A dazzling, edgy, laugh-out-loud memoir from the award-winning poet and novelist that reflects on writing, drinking, dating, and more.
Kim Addonizio is used to being exposed. As a writer of provocative poems and stories, she has encountered success along with snark: one critic dismissed her as 'Charles Bukowski in a sundress.' ('Why not Walt Whitman in a sparkly tutu?' she muses.) Now, in this utterly original memoir in essays, she opens up to chronicle the joys and indignities in the life of a writer wandering through middle age.

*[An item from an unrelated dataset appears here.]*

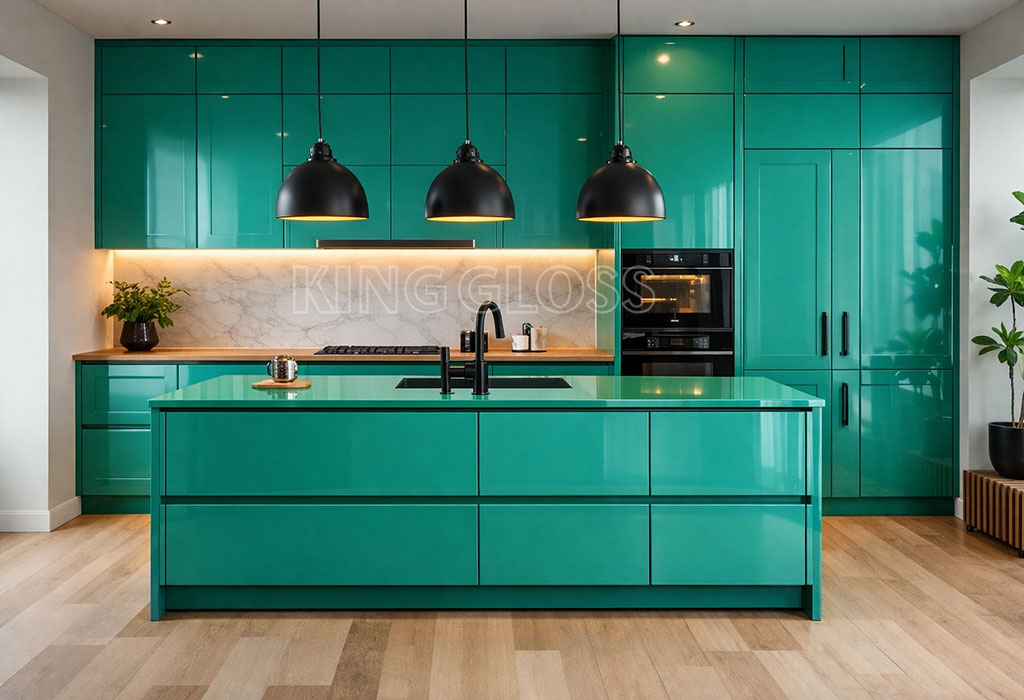 ورق MDF پلی گلاس فیروزه‌ای براق کینگ گلاس | سطح مقاوم در برابر حرارت و آنتی فینگر با ضد لک، مناسب برای کابینت آشپزخانه، فضای تجاری مدرن

Addonizio vividly captures moments of inspiration at the writing desk (or bed) and adventures on the road-from a champagne-and-vodka-fueled one-night stand at a writing conference to sparsely attended readings at remote Midwestern colleges. Her crackling, unfiltered wit brings colorful life to pieces like 'What Writers Do All Day,' 'How to Fall for a Younger Man,' and 'Necrophilia' (that is, sexual attraction to men who are dead inside). And she turns a tender yet still comic eye to her family: her father, who sparked her love of poetry; her mother, a former tennis champion who struggled through Parkinson's at the end of her life; and her daughter, who at a young age chanced upon some erotica she had written for Penthouse.
At once intimate and outrageous, Addonizio's memoir radiates all the wit and heartbreak and ever-sexy grittiness that her fans have come to love-and that new readers will not soon forget.